Lite-library MA families β€” what this trim does and does not tune

The slot smoothing passes and the master pass all consume the Lite moving-average library. The table below is honest about which knobs appear on Base and which belong to the broader CTX and STR surfaces.

Family

Typical behavior on a smoothing pass

When a reader might prefer it

What Base does not let you tune inside the family

SMA

Uniform weight across the window. Calm but slow to turn.

You want the baseline that matches most textbook RSI references.

No per-family knobs on Base.

EMA

Recency-weighted. Turns faster than SMA of the same length.

You want the slot's signal line to flip earlier on direction changes.

No separate alpha control.

RMA

Wilder-style smoothing. Slow, steady, and familiar from RSI-adjacent tools.

You want a smoother response with a Wilder feel.

No per-family knobs on Base.

WMA

Linear weights with recency bias.

You want recency bias without EMA's exponential tail.

No per-family knobs on Base.

VWMA

Volume-weighted smoothing.

You want higher-volume bars to carry more weight in the smoothing pass.

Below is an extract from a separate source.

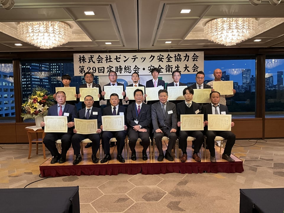 2025年10月31日 ㈱ゼンテック安全協力会 第29回定時総会・安全衛生大会を開催しました。 2025年10月24日、㈱ゼンテック安全協力会 第29回定時総会・安全衛生大会を都内ホテルにて開催しました。安全衛生に対する意識をより深めると共に、協力会の結束を高める事ができました。また、安全対策活動に対し高い貢献のあった協力会社様への優良表彰を実施しました。

No volume source override on Base.

SWMA

TradingView's symmetrically weighted moving average.

You want the fixed SWMA shape TradingView provides.

The length input does not tune SWMA.

Family choice in Base is the primary tuning lever. The inspected Lite library does not expose offsets, phases, efficiency bands, fractal windows, or other inner-family controls through this tool. Saying so plainly is a scope statement. If this palette covers the way you actually smooth RSI, the absence costs you nothing. If you need a deeper MA surface, Base is not the trim that provides it.

Tripwires before you change anything

  • Master smoothing. Off by default on purpose. Enabling it adds lag to blend-based alerts and does not change per-slot alerts. It is a visual calm setting, not a correctness setting.

  • On Bar Close?. On by default. Flipping off without reading MTF and Repainting means you will see a slot move intra-bar on a higher timeframe and may misread that motion as real-time sensitivity.

  • RSI length and smoothing pair. The second smoothing pass compounds with the first. A length 14 RSI with an SMA 3 RSI smoothing and an SMA 3 signal is not the same instrument as a length 14 RSI with an SMA 7 RSI smoothing and an SMA 7 signal β€” the second configuration is substantially slower and can sit behind the chart's story.

  • Weight zero vs disabled. Zero weight removes a slot from the blend. It does not remove the slot from alignment or from per-slot alerts. If you want full deactivation, disable the slot.

  • Hide Plot vs disabled. Hide Plot hides the line. The slot still computes, still feeds the blend at its weight, and still alerts. The visible pane is not the whole pipeline.